→ **Task prompt**:
Pictures excluded, copy all of the data below exactly.

→ **Data below**:
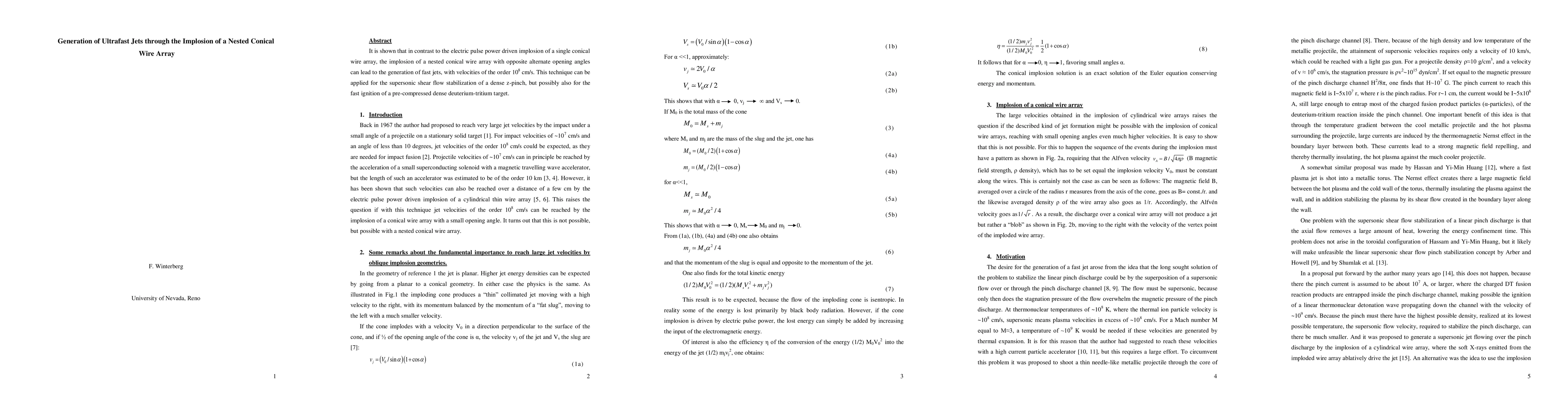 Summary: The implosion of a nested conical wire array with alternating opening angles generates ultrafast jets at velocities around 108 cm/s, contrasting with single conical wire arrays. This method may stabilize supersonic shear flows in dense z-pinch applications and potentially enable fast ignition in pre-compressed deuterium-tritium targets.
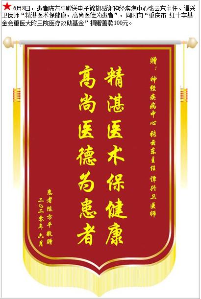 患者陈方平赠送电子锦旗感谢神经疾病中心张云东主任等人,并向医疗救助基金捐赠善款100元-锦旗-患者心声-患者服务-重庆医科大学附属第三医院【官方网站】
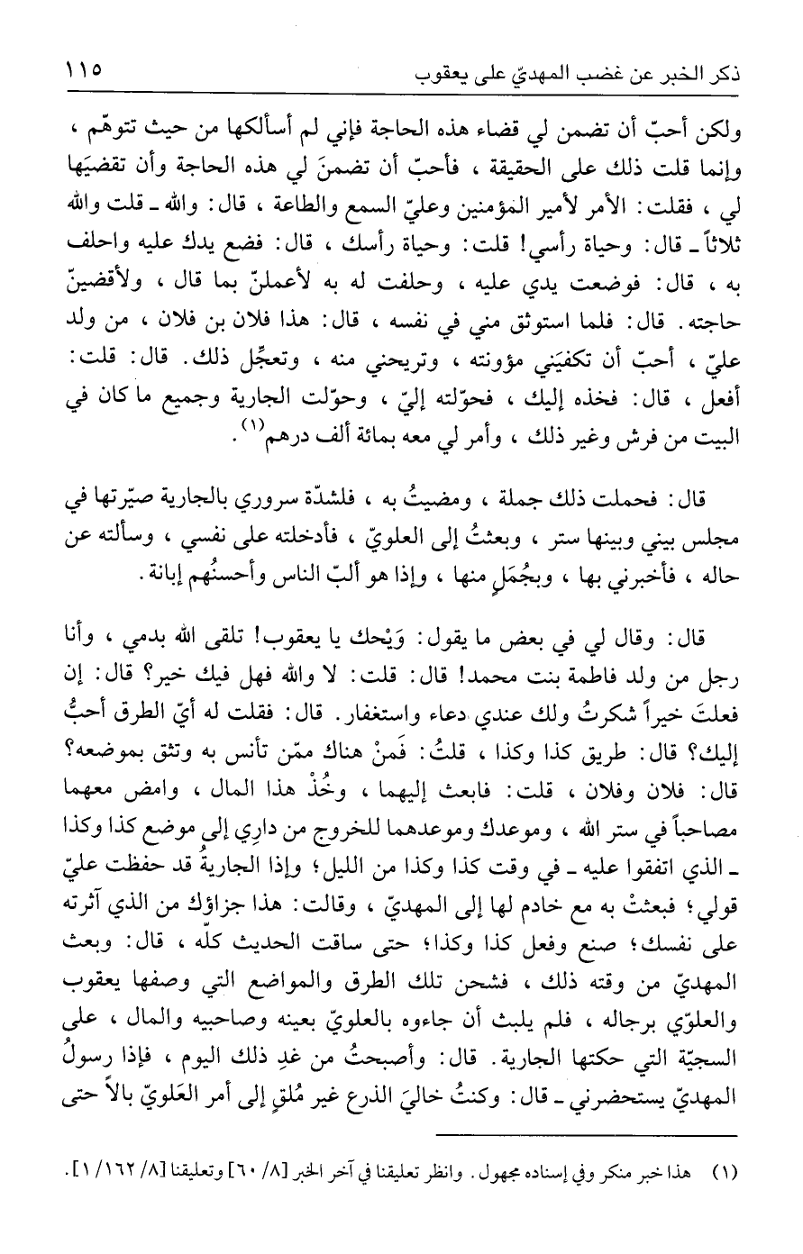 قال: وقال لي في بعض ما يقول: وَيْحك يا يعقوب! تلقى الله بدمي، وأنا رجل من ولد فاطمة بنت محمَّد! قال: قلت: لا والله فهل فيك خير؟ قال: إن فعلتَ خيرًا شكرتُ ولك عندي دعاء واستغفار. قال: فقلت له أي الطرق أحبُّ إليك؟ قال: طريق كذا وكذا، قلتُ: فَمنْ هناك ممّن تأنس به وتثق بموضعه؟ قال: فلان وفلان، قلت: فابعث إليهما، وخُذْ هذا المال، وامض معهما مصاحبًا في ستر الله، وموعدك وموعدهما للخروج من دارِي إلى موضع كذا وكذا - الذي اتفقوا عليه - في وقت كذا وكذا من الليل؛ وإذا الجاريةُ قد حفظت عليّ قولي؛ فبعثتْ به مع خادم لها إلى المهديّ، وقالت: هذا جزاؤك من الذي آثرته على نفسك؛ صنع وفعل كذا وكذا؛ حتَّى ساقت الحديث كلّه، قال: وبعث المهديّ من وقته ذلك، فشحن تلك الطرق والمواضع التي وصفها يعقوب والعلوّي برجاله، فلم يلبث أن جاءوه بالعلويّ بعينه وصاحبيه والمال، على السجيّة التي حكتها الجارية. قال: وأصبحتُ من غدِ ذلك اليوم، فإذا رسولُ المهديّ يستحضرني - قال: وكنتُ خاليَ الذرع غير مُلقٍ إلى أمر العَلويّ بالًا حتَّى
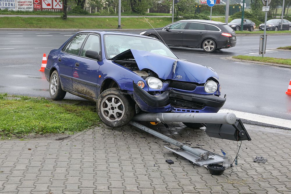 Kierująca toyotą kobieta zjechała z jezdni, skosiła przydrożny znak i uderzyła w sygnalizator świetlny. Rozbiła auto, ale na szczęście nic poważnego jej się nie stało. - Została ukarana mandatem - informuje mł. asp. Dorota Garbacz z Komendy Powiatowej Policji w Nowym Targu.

→ **Exercise output**:
 Summary: The implosion of a nested conical wire array with alternating opening angles generates ultrafast jets at velocities around 108 cm/s, contrasting with single conical wire arrays. This method may stabilize supersonic shear flows in dense z-pinch applications and potentially enable fast ignition in pre-compressed deuterium-tritium targets.
 患者陈方平赠送电子锦旗感谢神经疾病中心张云东主任等人,并向医疗救助基金捐赠善款100元-锦旗-患者心声-患者服务-重庆医科大学附属第三医院【官方网站】
 قال: وقال لي في بعض ما يقول: وَيْحك يا يعقوب! تلقى الله بدمي، وأنا رجل من ولد فاطمة بنت محمَّد! قال: قلت: لا والله فهل فيك خير؟ قال: إن فعلتَ خيرًا شكرتُ ولك عندي دعاء واستغفار. قال: فقلت له أي الطرق أحبُّ إليك؟ قال: طريق كذا وكذا، قلتُ: فَمنْ هناك ممّن تأنس به وتثق بموضعه؟ قال: فلان وفلان، قلت: فابعث إليهما، وخُذْ هذا المال، وامض معهما مصاحبًا في ستر الله، وموعدك وموعدهما للخروج من دارِي إلى موضع كذا وكذا - الذي اتفقوا عليه - في وقت كذا وكذا من الليل؛ وإذا الجاريةُ قد حفظت عليّ قولي؛ فبعثتْ به مع خادم لها إلى المهديّ، وقالت: هذا جزاؤك من الذي آثرته على نفسك؛ صنع وفعل كذا وكذا؛ حتَّى ساقت الحديث كلّه، قال: وبعث المهديّ من وقته ذلك، فشحن تلك الطرق والمواضع التي وصفها يعقوب والعلوّي برجاله، فلم يلبث أن جاءوه بالعلويّ بعينه وصاحبيه والمال، على السجيّة التي حكتها الجارية. قال: وأصبحتُ من غدِ ذلك اليوم، فإذا رسولُ المهديّ يستحضرني - قال: وكنتُ خاليَ الذرع غير مُلقٍ إلى أمر العَلويّ بالًا حتَّى
 Kierująca toyotą kobieta zjechała z jezdni, skosiła przydrożny znak i uderzyła w sygnalizator świetlny. Rozbiła auto, ale na szczęście nic poważnego jej się nie stało. - Została ukarana mandatem - informuje mł. asp. Dorota Garbacz z Komendy Powiatowej Policji w Nowym Targu.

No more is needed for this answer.